Segment Open
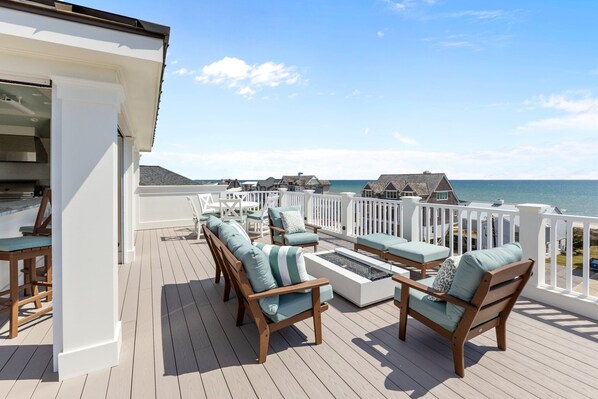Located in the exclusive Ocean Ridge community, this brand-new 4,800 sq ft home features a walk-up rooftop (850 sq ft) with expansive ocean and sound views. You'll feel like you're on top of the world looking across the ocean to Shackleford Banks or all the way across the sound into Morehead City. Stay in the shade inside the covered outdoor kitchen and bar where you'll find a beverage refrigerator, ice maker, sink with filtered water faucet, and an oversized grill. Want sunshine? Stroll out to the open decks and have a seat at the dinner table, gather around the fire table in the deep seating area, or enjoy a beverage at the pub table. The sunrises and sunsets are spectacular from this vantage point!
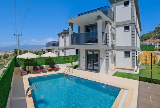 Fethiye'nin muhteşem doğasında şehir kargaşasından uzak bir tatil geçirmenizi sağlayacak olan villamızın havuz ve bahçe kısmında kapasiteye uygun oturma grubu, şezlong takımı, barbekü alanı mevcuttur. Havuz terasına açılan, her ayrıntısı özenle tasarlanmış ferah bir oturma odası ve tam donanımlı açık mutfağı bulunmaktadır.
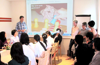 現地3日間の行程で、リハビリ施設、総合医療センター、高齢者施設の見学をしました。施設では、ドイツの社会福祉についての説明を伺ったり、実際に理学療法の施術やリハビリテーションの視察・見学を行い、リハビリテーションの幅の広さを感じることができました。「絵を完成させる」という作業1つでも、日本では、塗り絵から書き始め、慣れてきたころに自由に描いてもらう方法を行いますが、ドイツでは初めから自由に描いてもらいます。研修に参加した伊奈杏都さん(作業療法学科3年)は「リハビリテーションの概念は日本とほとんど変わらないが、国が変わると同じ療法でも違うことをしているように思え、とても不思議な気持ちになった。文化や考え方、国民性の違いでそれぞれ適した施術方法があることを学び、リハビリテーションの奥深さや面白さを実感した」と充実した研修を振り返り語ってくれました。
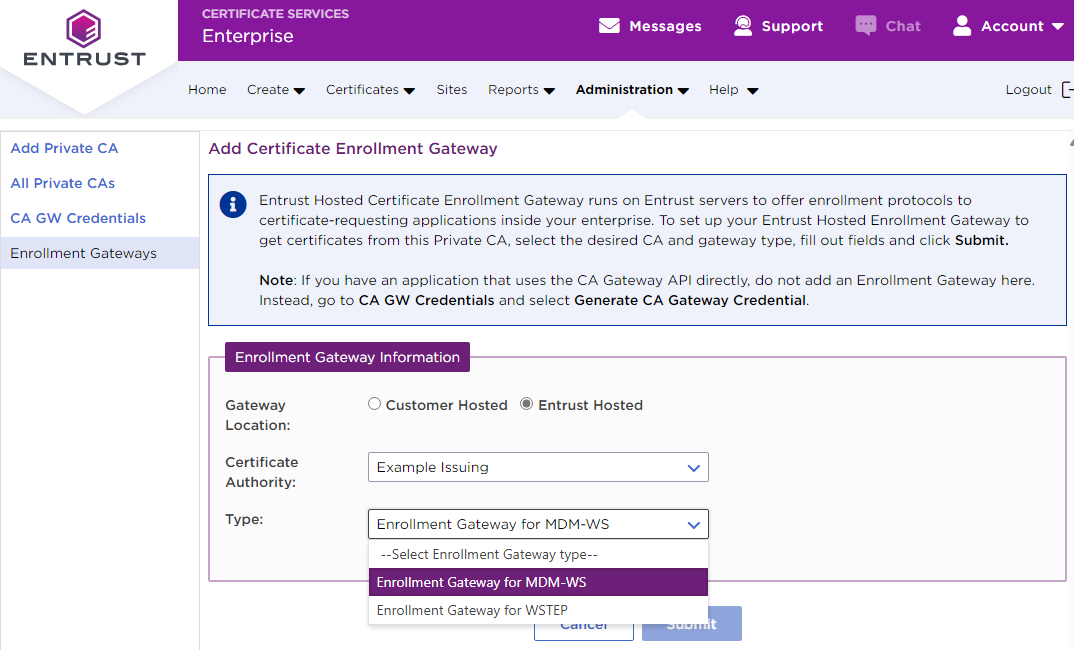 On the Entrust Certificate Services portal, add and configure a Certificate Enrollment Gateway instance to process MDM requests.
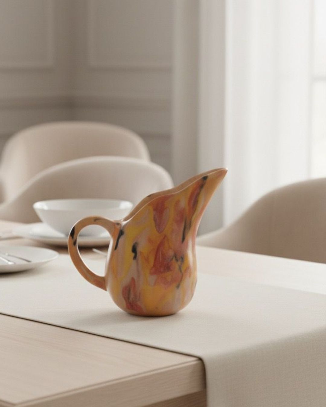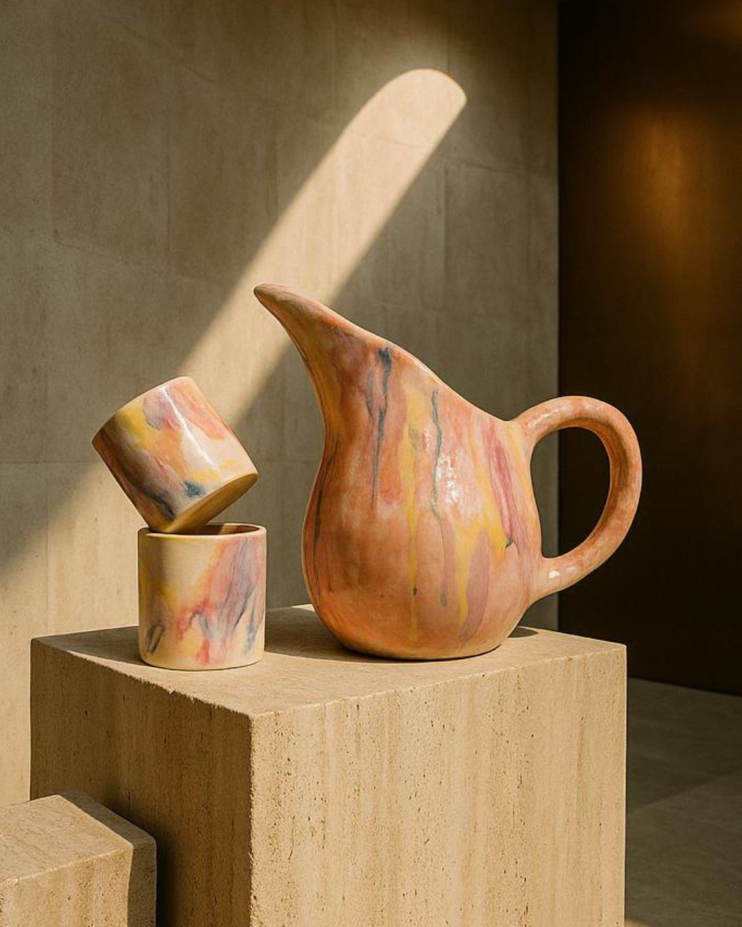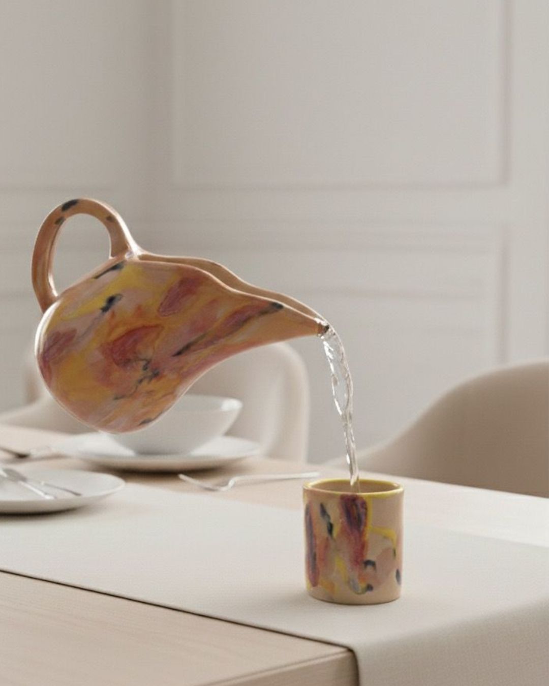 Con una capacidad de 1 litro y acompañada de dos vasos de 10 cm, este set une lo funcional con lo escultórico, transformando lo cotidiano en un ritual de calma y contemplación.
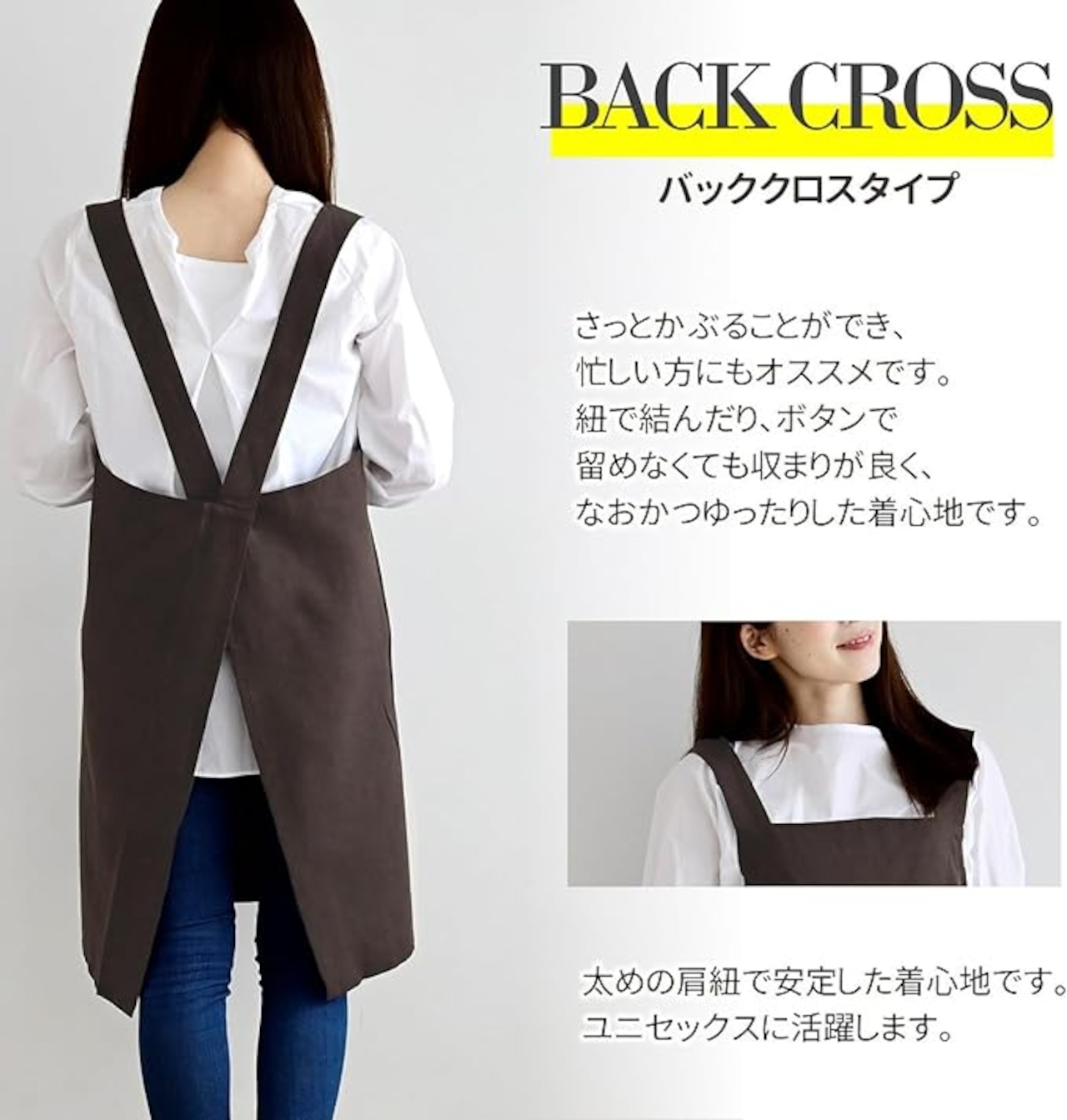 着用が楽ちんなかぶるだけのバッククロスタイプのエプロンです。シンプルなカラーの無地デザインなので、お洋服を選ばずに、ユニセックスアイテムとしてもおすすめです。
Segment Closed
Segment Open
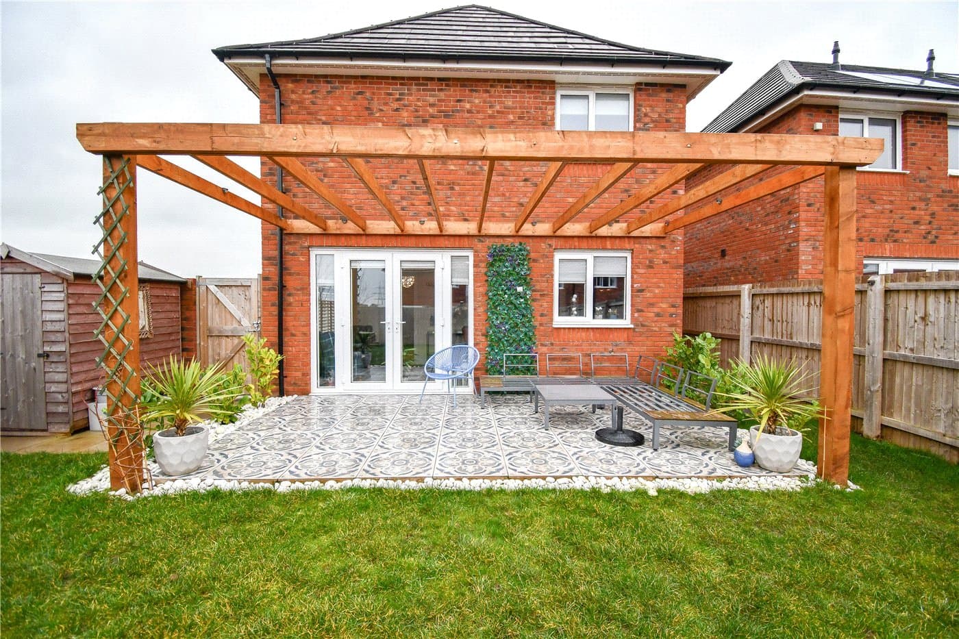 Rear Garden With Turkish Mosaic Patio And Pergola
Segment Closed
Segment Open
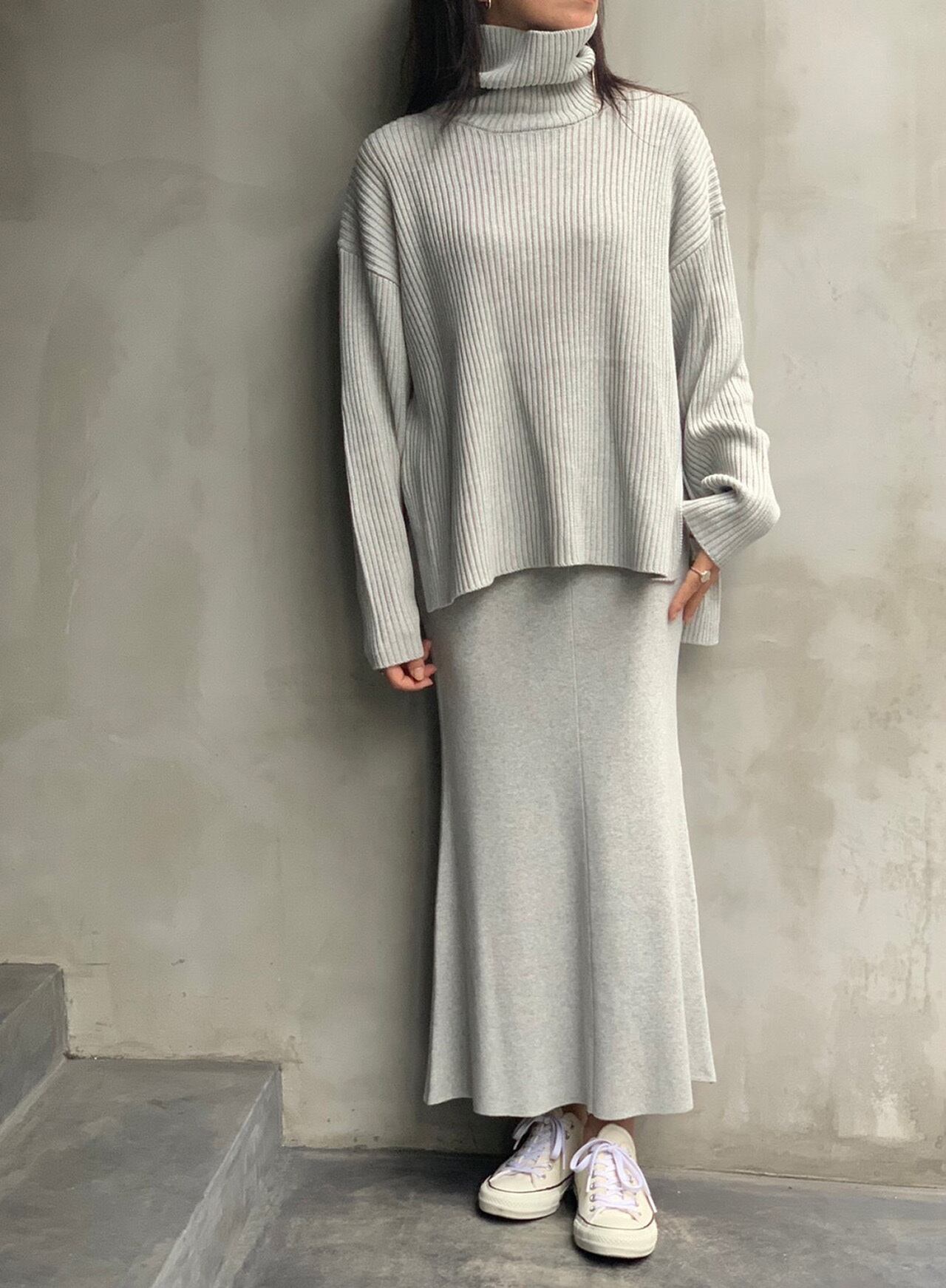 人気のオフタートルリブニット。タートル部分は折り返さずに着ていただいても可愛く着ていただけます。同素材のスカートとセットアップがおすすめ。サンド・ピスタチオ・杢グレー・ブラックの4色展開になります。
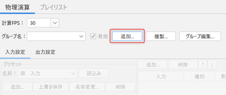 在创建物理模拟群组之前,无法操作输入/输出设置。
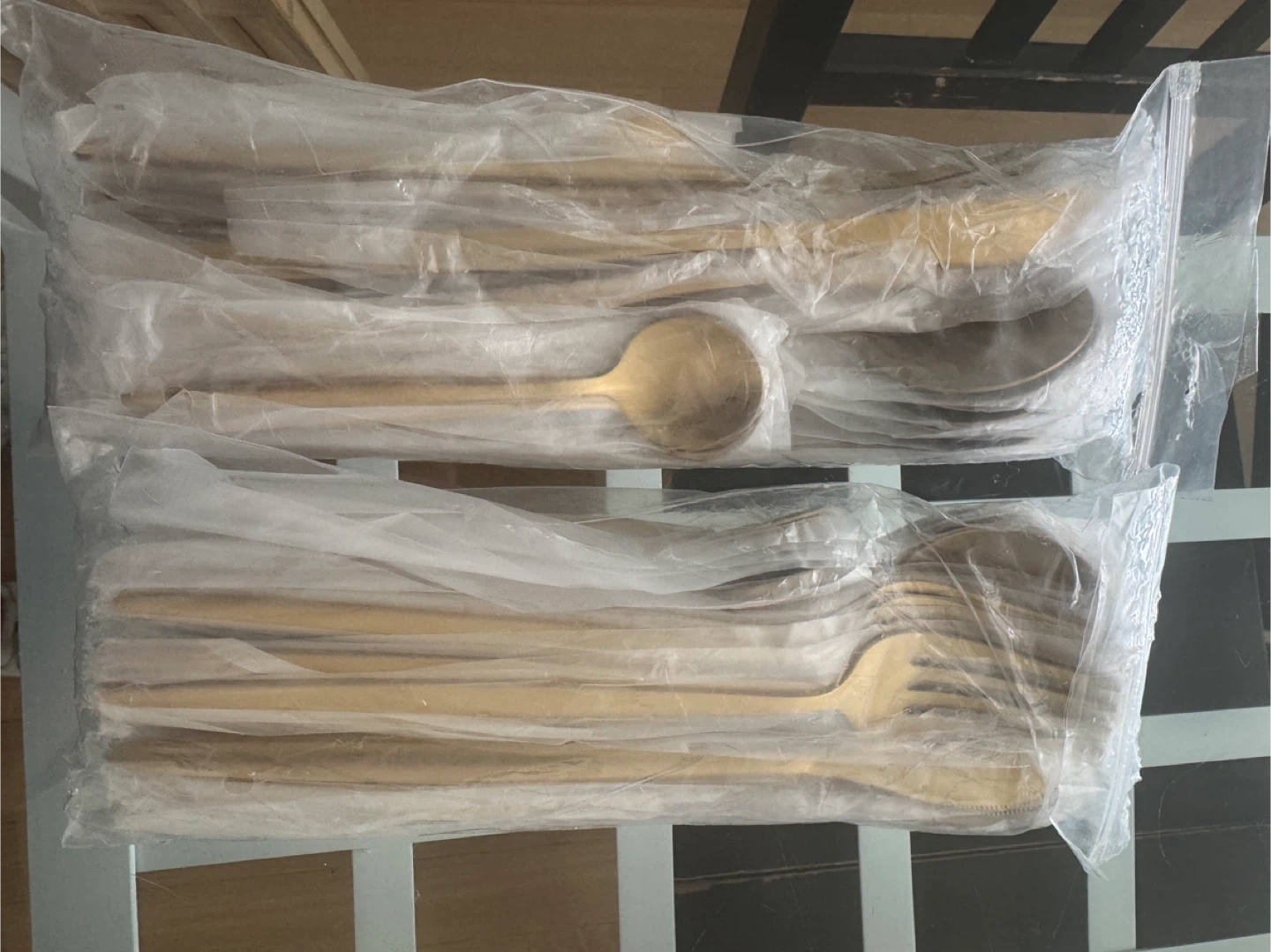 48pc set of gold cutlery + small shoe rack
Segment Closed
» **WHAT THIS TASK INVOLVES**: From the material above, output only the span of lines that starts at the one containing "在创建物理模拟群组之前,无法操作输入/输出设置。" and finishes at the one containing "48pc set of gold cutlery + small shoe rack", word for word and free of pictures.

» **TASK ANSWER**:
 在创建物理模拟群组之前,无法操作输入/输出设置。
 48pc set of gold cutlery + small shoe rack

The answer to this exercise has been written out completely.